**Task item**
The data that follows is to be copied exactly, with each image removed.

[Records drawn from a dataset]
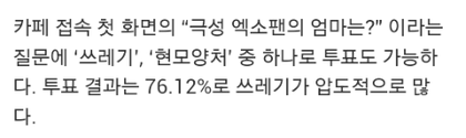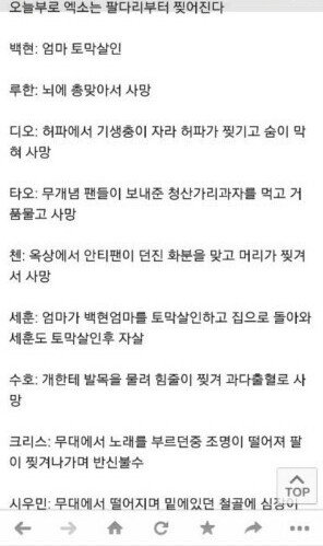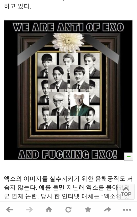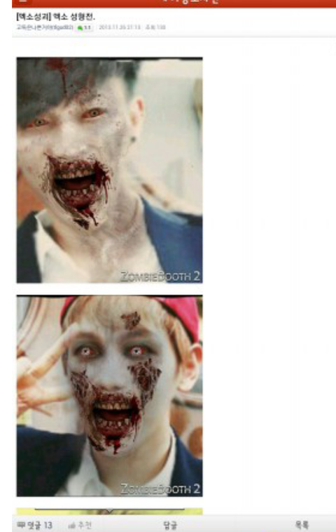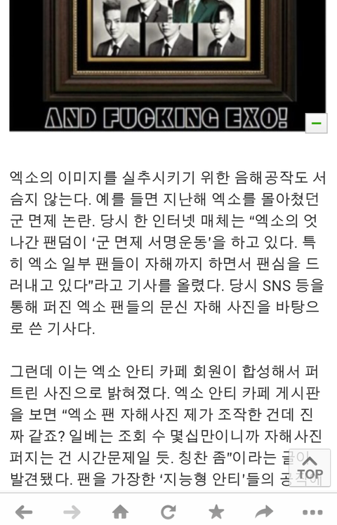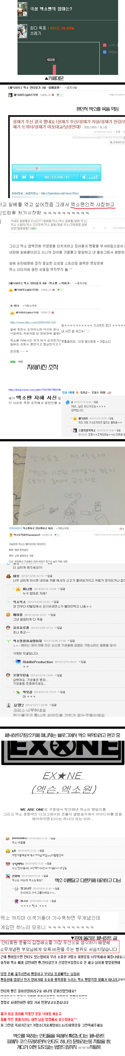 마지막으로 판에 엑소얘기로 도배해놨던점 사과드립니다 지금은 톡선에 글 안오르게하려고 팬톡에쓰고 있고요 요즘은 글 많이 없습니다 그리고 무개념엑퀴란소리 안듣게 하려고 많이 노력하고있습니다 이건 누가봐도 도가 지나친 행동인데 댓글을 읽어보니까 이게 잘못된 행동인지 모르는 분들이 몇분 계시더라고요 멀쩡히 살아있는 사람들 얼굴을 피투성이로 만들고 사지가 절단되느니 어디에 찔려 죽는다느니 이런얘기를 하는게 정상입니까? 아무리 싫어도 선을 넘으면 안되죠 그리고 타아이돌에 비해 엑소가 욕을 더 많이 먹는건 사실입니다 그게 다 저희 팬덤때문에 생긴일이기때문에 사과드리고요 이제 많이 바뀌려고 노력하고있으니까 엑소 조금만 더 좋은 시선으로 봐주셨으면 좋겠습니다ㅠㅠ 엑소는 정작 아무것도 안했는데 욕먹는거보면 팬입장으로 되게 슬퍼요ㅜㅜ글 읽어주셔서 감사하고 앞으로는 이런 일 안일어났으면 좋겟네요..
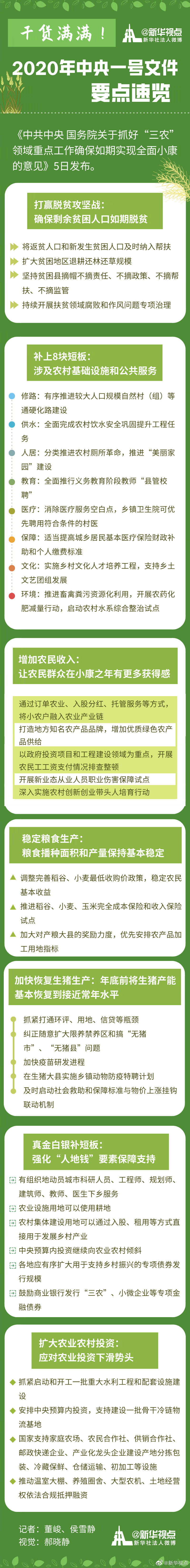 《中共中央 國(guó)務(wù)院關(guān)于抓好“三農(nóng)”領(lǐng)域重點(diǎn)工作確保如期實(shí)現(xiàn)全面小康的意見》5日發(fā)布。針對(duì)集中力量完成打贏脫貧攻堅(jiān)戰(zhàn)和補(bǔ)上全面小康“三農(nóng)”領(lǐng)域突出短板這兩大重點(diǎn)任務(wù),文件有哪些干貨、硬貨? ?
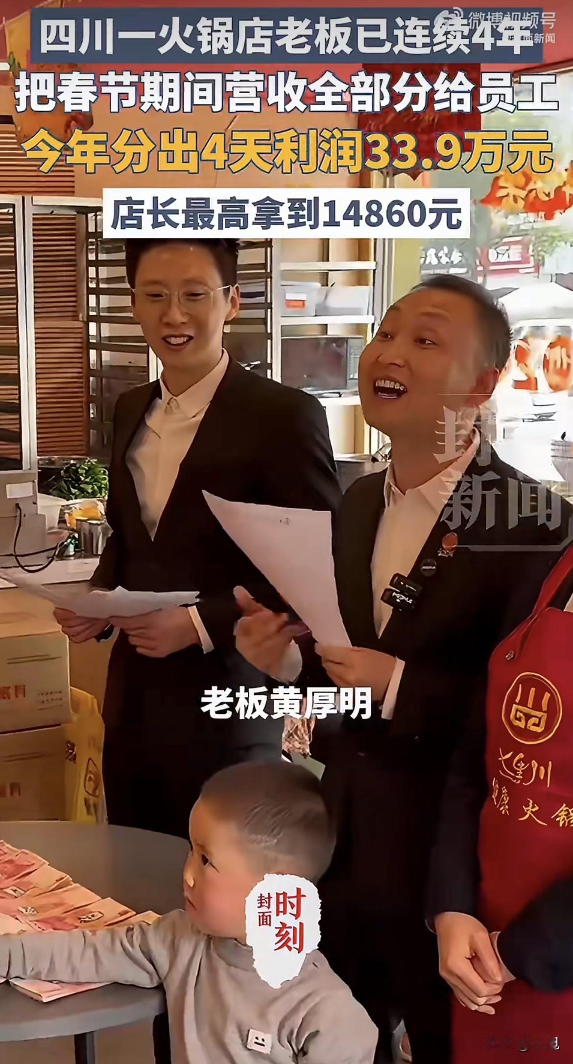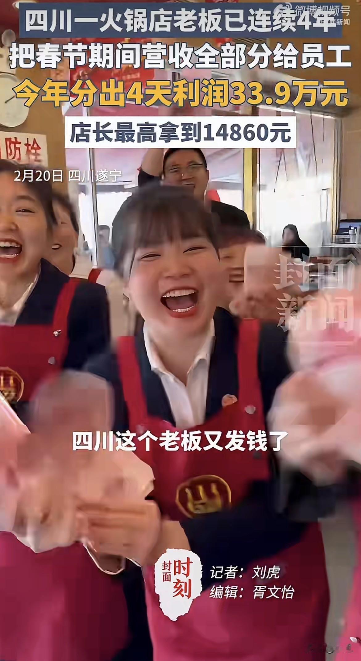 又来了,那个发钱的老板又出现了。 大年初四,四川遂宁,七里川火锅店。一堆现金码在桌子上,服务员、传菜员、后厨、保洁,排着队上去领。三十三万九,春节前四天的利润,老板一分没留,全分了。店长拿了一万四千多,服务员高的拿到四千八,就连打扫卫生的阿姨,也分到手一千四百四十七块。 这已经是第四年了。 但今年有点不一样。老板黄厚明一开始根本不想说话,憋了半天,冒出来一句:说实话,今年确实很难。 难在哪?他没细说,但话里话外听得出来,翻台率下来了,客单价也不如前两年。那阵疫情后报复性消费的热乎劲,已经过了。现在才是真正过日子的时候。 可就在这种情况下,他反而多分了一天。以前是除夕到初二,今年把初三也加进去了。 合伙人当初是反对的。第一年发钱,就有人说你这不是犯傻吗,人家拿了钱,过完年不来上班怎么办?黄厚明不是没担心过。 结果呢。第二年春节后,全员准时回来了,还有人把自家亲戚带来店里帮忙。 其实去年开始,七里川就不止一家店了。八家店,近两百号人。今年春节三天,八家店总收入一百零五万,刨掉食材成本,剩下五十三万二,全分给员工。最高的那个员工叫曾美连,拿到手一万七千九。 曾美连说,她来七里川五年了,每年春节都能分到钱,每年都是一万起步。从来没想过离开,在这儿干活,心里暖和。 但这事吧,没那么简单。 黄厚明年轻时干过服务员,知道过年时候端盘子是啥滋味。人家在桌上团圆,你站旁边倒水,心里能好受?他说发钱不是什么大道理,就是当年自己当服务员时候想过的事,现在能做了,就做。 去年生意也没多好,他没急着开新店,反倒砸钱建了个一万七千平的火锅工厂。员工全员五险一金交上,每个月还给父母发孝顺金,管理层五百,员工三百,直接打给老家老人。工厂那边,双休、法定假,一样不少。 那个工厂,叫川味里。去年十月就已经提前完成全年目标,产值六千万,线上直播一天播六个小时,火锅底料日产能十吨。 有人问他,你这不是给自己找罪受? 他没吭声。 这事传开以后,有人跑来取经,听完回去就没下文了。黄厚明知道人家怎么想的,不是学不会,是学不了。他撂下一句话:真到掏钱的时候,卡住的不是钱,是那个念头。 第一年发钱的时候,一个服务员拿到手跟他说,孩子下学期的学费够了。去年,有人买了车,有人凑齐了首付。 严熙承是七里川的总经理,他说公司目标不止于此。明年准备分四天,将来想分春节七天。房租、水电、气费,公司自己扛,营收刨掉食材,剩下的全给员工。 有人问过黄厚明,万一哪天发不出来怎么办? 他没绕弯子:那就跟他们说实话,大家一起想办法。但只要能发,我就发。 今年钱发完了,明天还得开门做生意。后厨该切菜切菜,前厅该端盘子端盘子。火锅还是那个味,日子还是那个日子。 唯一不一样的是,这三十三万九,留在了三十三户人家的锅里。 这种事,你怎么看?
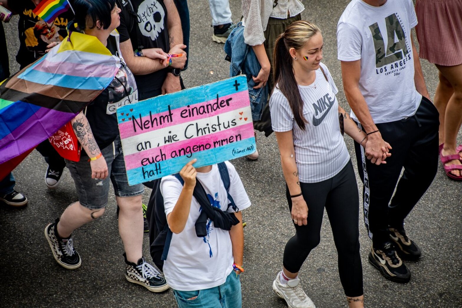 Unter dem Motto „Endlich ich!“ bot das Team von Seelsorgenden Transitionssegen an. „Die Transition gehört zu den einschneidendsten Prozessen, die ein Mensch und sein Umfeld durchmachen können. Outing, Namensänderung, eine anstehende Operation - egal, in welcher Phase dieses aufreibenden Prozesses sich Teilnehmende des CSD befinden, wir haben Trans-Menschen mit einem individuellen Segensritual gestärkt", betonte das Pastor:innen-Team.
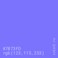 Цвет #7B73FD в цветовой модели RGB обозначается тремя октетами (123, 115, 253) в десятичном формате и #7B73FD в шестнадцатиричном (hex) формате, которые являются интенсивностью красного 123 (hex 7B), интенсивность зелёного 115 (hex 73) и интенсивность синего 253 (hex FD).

**Task solution**
 마지막으로 판에 엑소얘기로 도배해놨던점 사과드립니다 지금은 톡선에 글 안오르게하려고 팬톡에쓰고 있고요 요즘은 글 많이 없습니다 그리고 무개념엑퀴란소리 안듣게 하려고 많이 노력하고있습니다 이건 누가봐도 도가 지나친 행동인데 댓글을 읽어보니까 이게 잘못된 행동인지 모르는 분들이 몇분 계시더라고요 멀쩡히 살아있는 사람들 얼굴을 피투성이로 만들고 사지가 절단되느니 어디에 찔려 죽는다느니 이런얘기를 하는게 정상입니까? 아무리 싫어도 선을 넘으면 안되죠 그리고 타아이돌에 비해 엑소가 욕을 더 많이 먹는건 사실입니다 그게 다 저희 팬덤때문에 생긴일이기때문에 사과드리고요 이제 많이 바뀌려고 노력하고있으니까 엑소 조금만 더 좋은 시선으로 봐주셨으면 좋겠습니다ㅠㅠ 엑소는 정작 아무것도 안했는데 욕먹는거보면 팬입장으로 되게 슬퍼요ㅜㅜ글 읽어주셔서 감사하고 앞으로는 이런 일 안일어났으면 좋겟네요..
 《中共中央 國(guó)務(wù)院關(guān)于抓好“三農(nóng)”領(lǐng)域重點(diǎn)工作確保如期實(shí)現(xiàn)全面小康的意見》5日發(fā)布。針對(duì)集中力量完成打贏脫貧攻堅(jiān)戰(zhàn)和補(bǔ)上全面小康“三農(nóng)”領(lǐng)域突出短板這兩大重點(diǎn)任務(wù),文件有哪些干貨、硬貨? ?
 又来了,那个发钱的老板又出现了。 大年初四,四川遂宁,七里川火锅店。一堆现金码在桌子上,服务员、传菜员、后厨、保洁,排着队上去领。三十三万九,春节前四天的利润,老板一分没留,全分了。店长拿了一万四千多,服务员高的拿到四千八,就连打扫卫生的阿姨,也分到手一千四百四十七块。 这已经是第四年了。 但今年有点不一样。老板黄厚明一开始根本不想说话,憋了半天,冒出来一句:说实话,今年确实很难。 难在哪?他没细说,但话里话外听得出来,翻台率下来了,客单价也不如前两年。那阵疫情后报复性消费的热乎劲,已经过了。现在才是真正过日子的时候。 可就在这种情况下,他反而多分了一天。以前是除夕到初二,今年把初三也加进去了。 合伙人当初是反对的。第一年发钱,就有人说你这不是犯傻吗,人家拿了钱,过完年不来上班怎么办?黄厚明不是没担心过。 结果呢。第二年春节后,全员准时回来了,还有人把自家亲戚带来店里帮忙。 其实去年开始,七里川就不止一家店了。八家店,近两百号人。今年春节三天,八家店总收入一百零五万,刨掉食材成本,剩下五十三万二,全分给员工。最高的那个员工叫曾美连,拿到手一万七千九。 曾美连说,她来七里川五年了,每年春节都能分到钱,每年都是一万起步。从来没想过离开,在这儿干活,心里暖和。 但这事吧,没那么简单。 黄厚明年轻时干过服务员,知道过年时候端盘子是啥滋味。人家在桌上团圆,你站旁边倒水,心里能好受?他说发钱不是什么大道理,就是当年自己当服务员时候想过的事,现在能做了,就做。 去年生意也没多好,他没急着开新店,反倒砸钱建了个一万七千平的火锅工厂。员工全员五险一金交上,每个月还给父母发孝顺金,管理层五百,员工三百,直接打给老家老人。工厂那边,双休、法定假,一样不少。 那个工厂,叫川味里。去年十月就已经提前完成全年目标,产值六千万,线上直播一天播六个小时,火锅底料日产能十吨。 有人问他,你这不是给自己找罪受? 他没吭声。 这事传开以后,有人跑来取经,听完回去就没下文了。黄厚明知道人家怎么想的,不是学不会,是学不了。他撂下一句话:真到掏钱的时候,卡住的不是钱,是那个念头。 第一年发钱的时候,一个服务员拿到手跟他说,孩子下学期的学费够了。去年,有人买了车,有人凑齐了首付。 严熙承是七里川的总经理,他说公司目标不止于此。明年准备分四天,将来想分春节七天。房租、水电、气费,公司自己扛,营收刨掉食材,剩下的全给员工。 有人问过黄厚明,万一哪天发不出来怎么办? 他没绕弯子:那就跟他们说实话,大家一起想办法。但只要能发,我就发。 今年钱发完了,明天还得开门做生意。后厨该切菜切菜,前厅该端盘子端盘子。火锅还是那个味,日子还是那个日子。 唯一不一样的是,这三十三万九,留在了三十三户人家的锅里。 这种事,你怎么看?
 Unter dem Motto „Endlich ich!“ bot das Team von Seelsorgenden Transitionssegen an. „Die Transition gehört zu den einschneidendsten Prozessen, die ein Mensch und sein Umfeld durchmachen können. Outing, Namensänderung, eine anstehende Operation - egal, in welcher Phase dieses aufreibenden Prozesses sich Teilnehmende des CSD befinden, wir haben Trans-Menschen mit einem individuellen Segensritual gestärkt", betonte das Pastor:innen-Team.
 Цвет #7B73FD в цветовой модели RGB обозначается тремя октетами (123, 115, 253) в десятичном формате и #7B73FD в шестнадцатиричном (hex) формате, которые являются интенсивностью красного 123 (hex 7B), интенсивность зелёного 115 (hex 73) и интенсивность синего 253 (hex FD).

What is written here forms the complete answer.